Written by Marshall Kirkpatrick / July 7, 2009 10:03 AM / 26 Comments

It's hard to imagine anything more far out than the suggestion that the founders of Twitter be awarded the Nobel Peace Prize, especially since the people who invented the internet never were. But that's what Deputy National Security Advisor, Mark Pfeifle, argues this week in The Christian Science Monitor, because of the company's role in supporting the ongoing uprising in Iran. Pfeifle isn't the only one making this argument, either.

MG Siegler found Pfeifle's editorial and reported on it; he seems to think it's funny - and it is. I think the idea is also serious enough, though, to warrant some closer consideration. I think those little narcissistic bites of information and the platform people publish them on are serious enough to warrant taking this opportunity to consider what it all really means. You might assume that these most recent platitudes are just about Twitter's celebrated role in Iran - but in fact there's a lot more going on. Twitter is changing the human experience in important ways, for those fortunate enough to experience it.

Why Do People Care?

Some people believe that Twitter represents a general state of self-absorbed thoughtlessness in a culture drowning in pointless, irresponsible, self-indulgence and celebrity obsession. And they think it's stupid.

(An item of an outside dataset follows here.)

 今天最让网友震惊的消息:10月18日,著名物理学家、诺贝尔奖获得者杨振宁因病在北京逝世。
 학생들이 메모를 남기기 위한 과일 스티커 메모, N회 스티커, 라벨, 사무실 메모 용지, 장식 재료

In fact, almost everyone thinks it's stupid until they give it a good honest try. I certainly did, until I decided to give it one single week of attention in a limited professional context. That was several years ago now and my embrace of Twitter ended up being anything but limited. I wrote once that Twitter is paying my rent, because I get so many story leads, quotes and other valuable tidbits from it. This week three out of my last four articles here have been about Twitter and I am about to buy my first house.

That's not why Twitter should be awarded a Nobel Prize of course, though I do appreciate it. At this point there may only be a few thousand people in the world making extensive use of Twitter for work - but that number will grow.

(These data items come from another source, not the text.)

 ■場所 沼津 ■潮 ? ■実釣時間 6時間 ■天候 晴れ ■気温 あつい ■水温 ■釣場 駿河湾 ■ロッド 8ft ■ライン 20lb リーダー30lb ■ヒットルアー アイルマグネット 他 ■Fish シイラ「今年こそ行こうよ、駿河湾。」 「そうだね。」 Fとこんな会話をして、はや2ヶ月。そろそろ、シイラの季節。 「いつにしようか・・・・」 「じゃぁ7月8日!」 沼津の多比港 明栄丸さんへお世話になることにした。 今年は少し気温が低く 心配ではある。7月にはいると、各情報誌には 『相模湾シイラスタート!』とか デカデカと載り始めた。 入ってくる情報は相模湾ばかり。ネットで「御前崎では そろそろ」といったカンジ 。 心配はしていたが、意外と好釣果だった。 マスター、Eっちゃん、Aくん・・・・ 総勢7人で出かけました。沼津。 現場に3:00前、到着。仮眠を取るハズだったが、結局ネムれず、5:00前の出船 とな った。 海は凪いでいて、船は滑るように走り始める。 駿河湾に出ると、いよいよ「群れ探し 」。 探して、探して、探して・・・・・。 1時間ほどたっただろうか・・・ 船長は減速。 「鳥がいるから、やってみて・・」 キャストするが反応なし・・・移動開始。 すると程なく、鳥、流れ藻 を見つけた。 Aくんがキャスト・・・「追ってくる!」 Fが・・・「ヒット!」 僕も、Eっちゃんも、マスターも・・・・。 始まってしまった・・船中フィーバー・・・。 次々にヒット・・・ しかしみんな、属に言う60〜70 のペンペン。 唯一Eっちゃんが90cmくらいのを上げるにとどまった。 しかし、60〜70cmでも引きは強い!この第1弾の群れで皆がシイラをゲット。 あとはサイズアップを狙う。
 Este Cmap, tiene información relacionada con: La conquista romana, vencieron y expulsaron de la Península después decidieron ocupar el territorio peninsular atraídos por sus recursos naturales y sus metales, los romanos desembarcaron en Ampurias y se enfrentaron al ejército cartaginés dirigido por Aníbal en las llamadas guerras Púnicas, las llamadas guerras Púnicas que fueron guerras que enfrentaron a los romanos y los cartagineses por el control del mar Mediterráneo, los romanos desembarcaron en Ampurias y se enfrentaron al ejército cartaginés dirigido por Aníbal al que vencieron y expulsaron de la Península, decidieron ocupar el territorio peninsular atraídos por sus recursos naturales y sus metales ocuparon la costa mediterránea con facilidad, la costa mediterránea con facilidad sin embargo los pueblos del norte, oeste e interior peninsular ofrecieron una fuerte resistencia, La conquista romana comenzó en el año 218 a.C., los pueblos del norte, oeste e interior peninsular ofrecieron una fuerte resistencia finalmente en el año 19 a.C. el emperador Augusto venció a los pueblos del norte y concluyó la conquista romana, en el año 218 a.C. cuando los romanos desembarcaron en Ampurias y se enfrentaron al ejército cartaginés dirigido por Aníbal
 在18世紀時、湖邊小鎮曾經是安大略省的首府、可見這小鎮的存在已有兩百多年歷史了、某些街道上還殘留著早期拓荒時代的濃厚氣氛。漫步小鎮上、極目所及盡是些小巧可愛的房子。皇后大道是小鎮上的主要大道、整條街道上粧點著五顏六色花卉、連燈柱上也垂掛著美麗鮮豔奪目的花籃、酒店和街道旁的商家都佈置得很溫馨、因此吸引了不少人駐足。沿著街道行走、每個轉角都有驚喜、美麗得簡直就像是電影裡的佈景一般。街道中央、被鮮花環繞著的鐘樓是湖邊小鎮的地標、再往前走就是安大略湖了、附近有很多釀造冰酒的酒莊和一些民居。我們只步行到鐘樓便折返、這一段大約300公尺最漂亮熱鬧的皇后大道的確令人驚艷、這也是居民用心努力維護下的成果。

Some people try Twitter because the media talks about it a lot, some try it because friends are on it and others try it because they are told that they must, lest they become terminally un-hip and get put out to pasture.

Once you're there, though, and once you make a meaningful number of connections on the service (something that's still too difficult for new users to do) then Twitter becomes much more than just another website.

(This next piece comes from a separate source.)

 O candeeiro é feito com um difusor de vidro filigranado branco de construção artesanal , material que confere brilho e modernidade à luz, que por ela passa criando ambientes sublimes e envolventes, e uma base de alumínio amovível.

There's a reason why so many journalists, lawyers, moms, animal doctors, students and other normal people are so obsessed with Twitter - and it's not because they are flighty, superficial people intent on telling the world what they ate for breakfast.

Remember when Wikipedia was laughed at, because anyone could edit it? Most people feel differently about that site now, and it's not hard to see a future in which many more people will come to appreciate Twitter as something more important than they do today. Just like Wikipedia has become one of the best tools to include as part of any research project (no one argues that it's a definitive source) so too could Twitter in particular and "microblogging" in general end up on the short list of the best ways humanity has to communicate with each other.

What Is It, Really?

The creators of Twitter deserve big accolades because they have invented what could be compared to a newly discovered, very usable, radio-wave frequency. It's a new plane of communication. It's truly world changing.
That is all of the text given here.